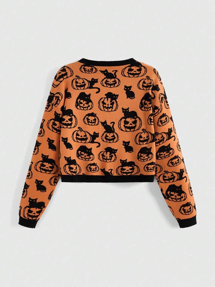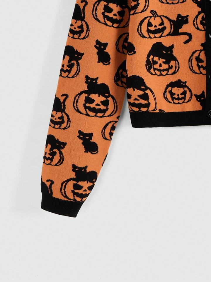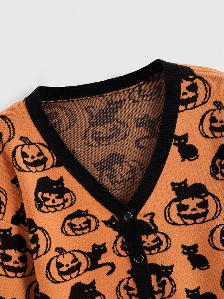 Cárdigan de punto jacquard con calabaza y gato de Halloween oscuro
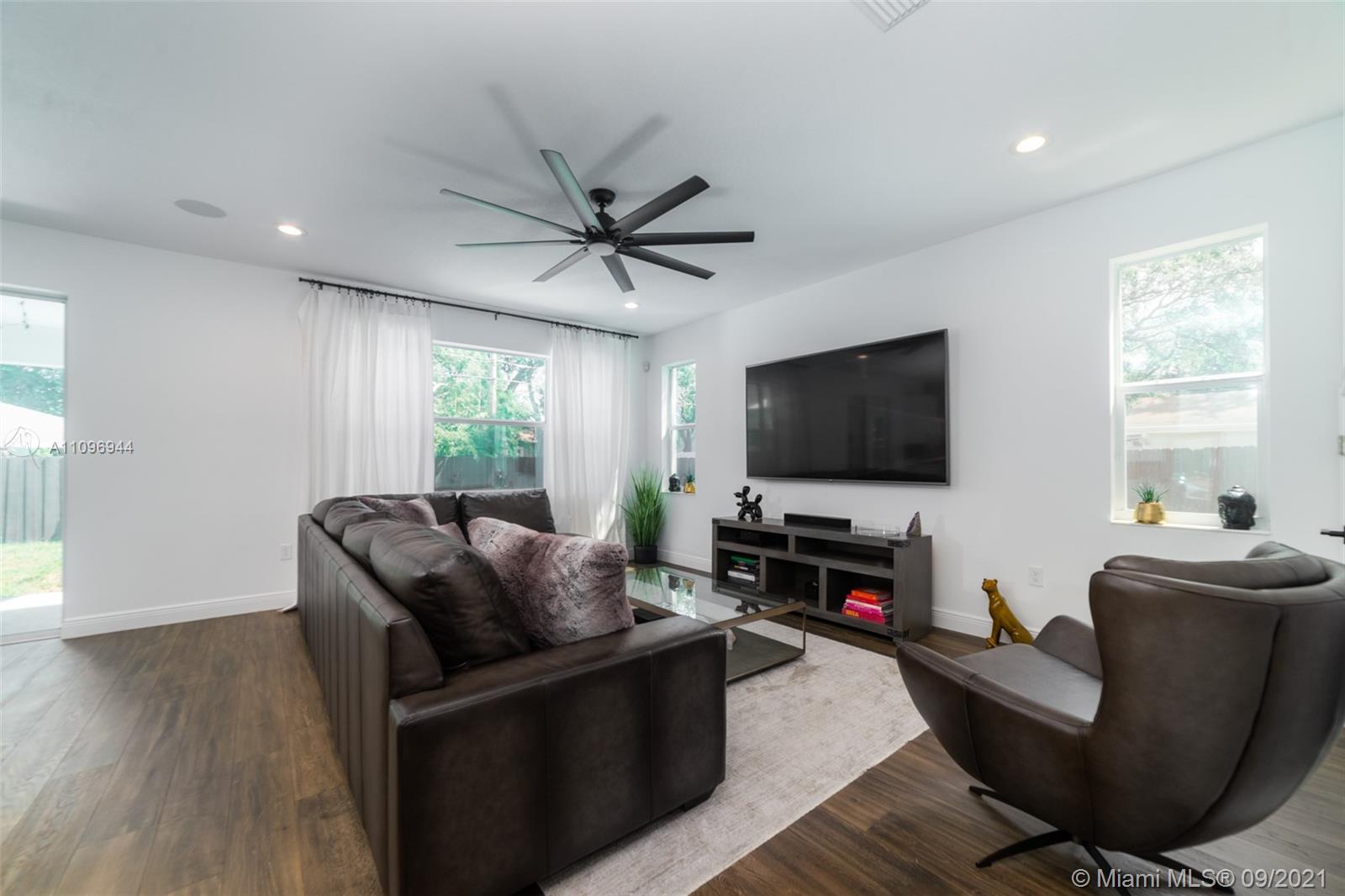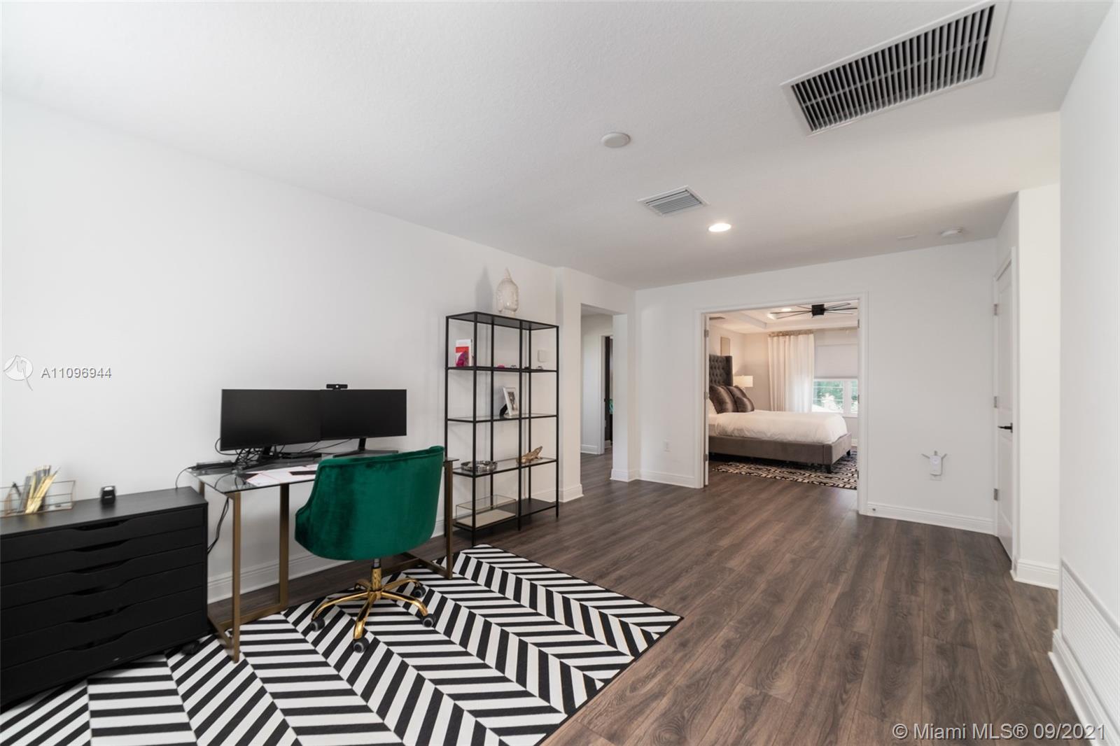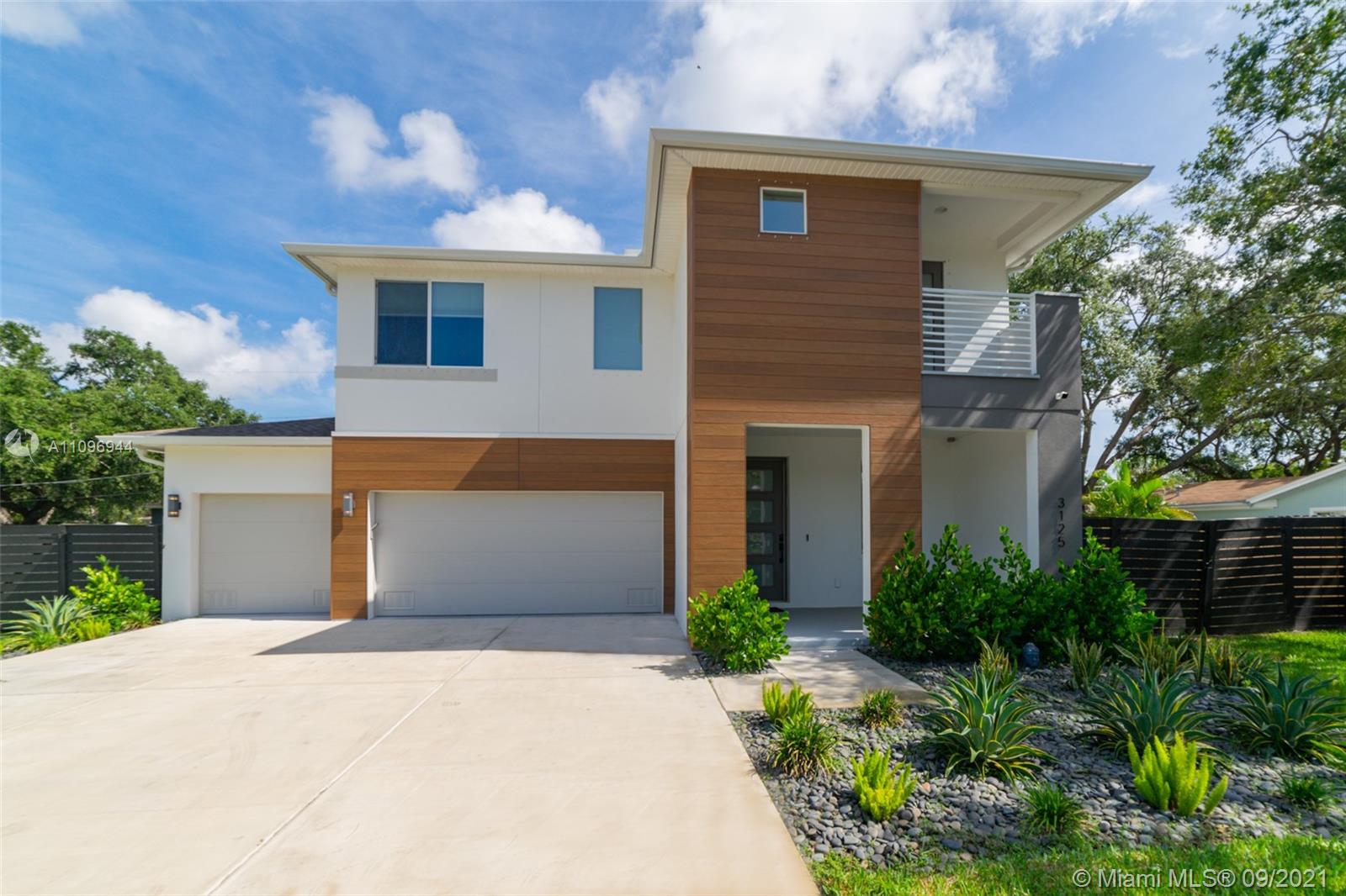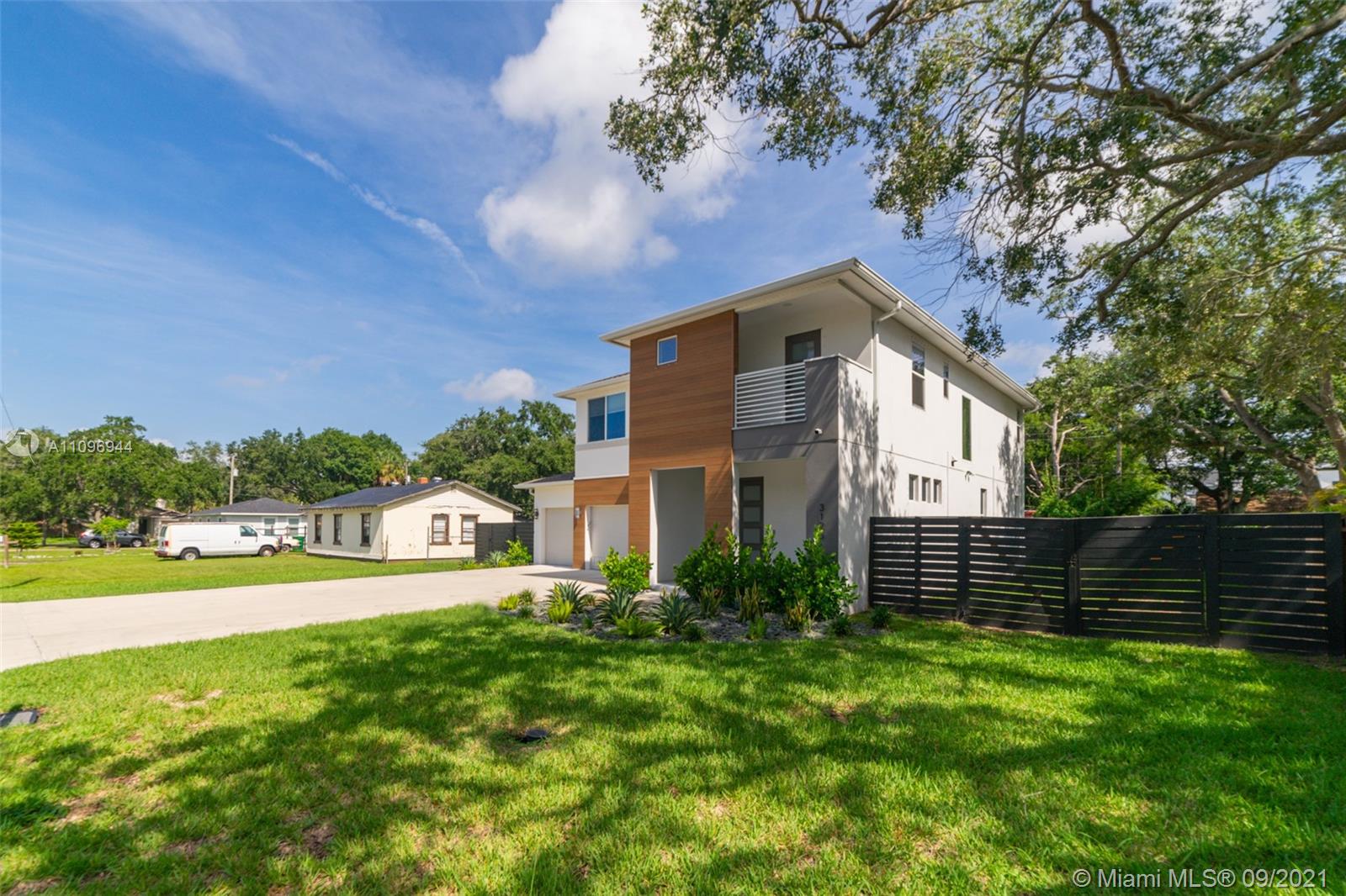Contemporary custom finished home. 4 Bedrooms and 2.5 baths PLUS a BONUS ROOM. Open concept with wood floors throughout. Custom Gucci wallpaper in powder room. Main room French doors and vaulted ceilings. Backlit bathroom mirrors. Large custom walk in closet. Large fenced backyard with covered Lanai and enough space to build a pool. 3 Car garage plus driveway.
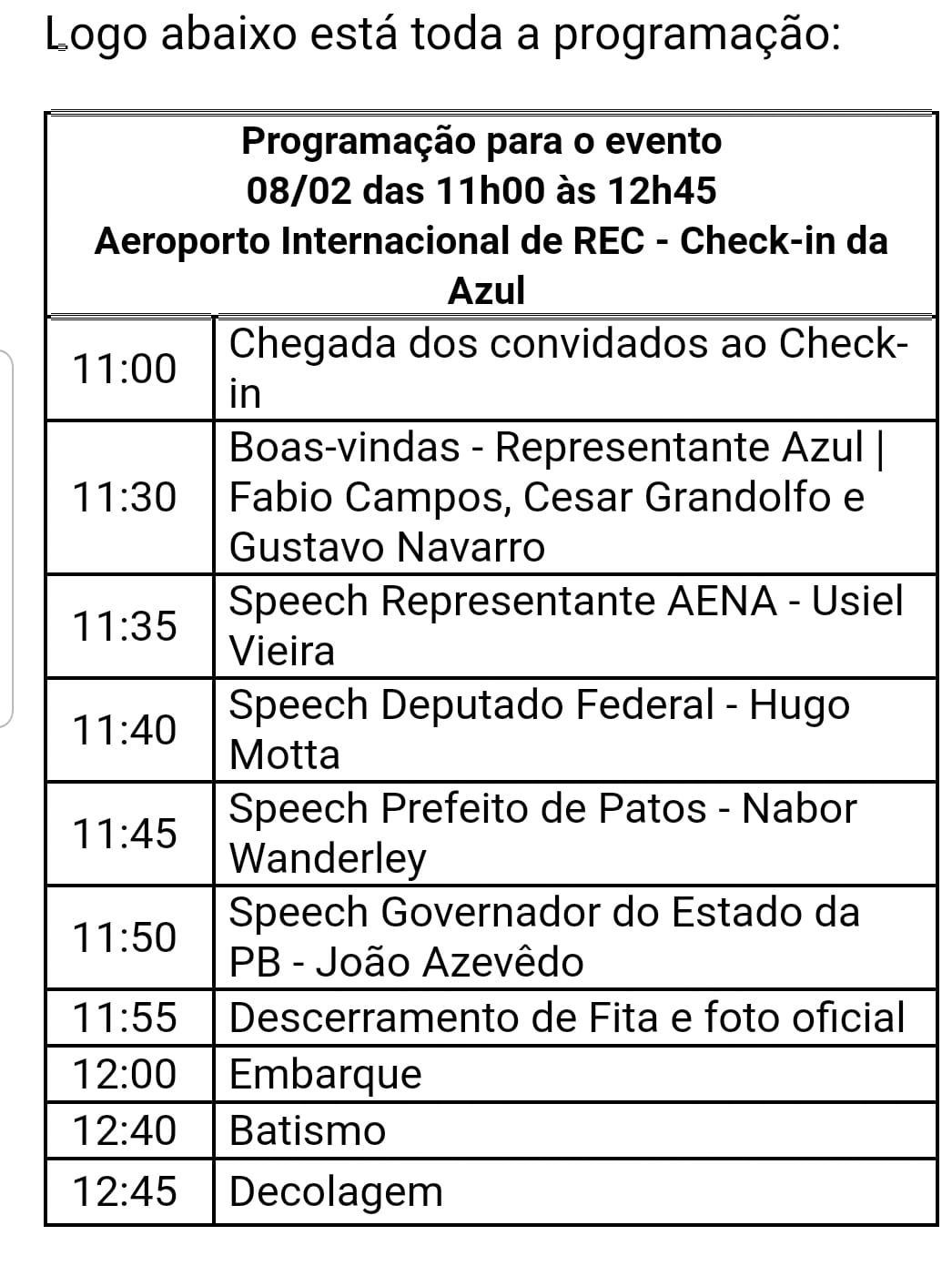 A previsão de saída do Recife é a partir das 12h45 do domingo, 8 de agosto, depois de um batismo oficial da aeronave. Estarão presentes o governador da Paraíba, João Azevêdo; o prefeito de Patos, Nabor Wanderley; o deputado Federal Hugo Motta, e os executivos de Relações Institucionais da Azul Fábio Campos, César Grandolfo e Gustavo Navarro. Antes do embarque, haverá uma breve solenidade no saguão do Aeroporto do Recife, na área de check-in da Azul, com a participação do gerente de Operações do aeroporto, Usiel Vieira.

==*==

Copy out all the data above exactly, pictures excluded.

* [Task response]
 Cárdigan de punto jacquard con calabaza y gato de Halloween oscuro
Contemporary custom finished home. 4 Bedrooms and 2.5 baths PLUS a BONUS ROOM. Open concept with wood floors throughout. Custom Gucci wallpaper in powder room. Main room French doors and vaulted ceilings. Backlit bathroom mirrors. Large custom walk in closet. Large fenced backyard with covered Lanai and enough space to build a pool. 3 Car garage plus driveway.
 A previsão de saída do Recife é a partir das 12h45 do domingo, 8 de agosto, depois de um batismo oficial da aeronave. Estarão presentes o governador da Paraíba, João Azevêdo; o prefeito de Patos, Nabor Wanderley; o deputado Federal Hugo Motta, e os executivos de Relações Institucionais da Azul Fábio Campos, César Grandolfo e Gustavo Navarro. Antes do embarque, haverá uma breve solenidade no saguão do Aeroporto do Recife, na área de check-in da Azul, com a participação do gerente de Operações do aeroporto, Usiel Vieira.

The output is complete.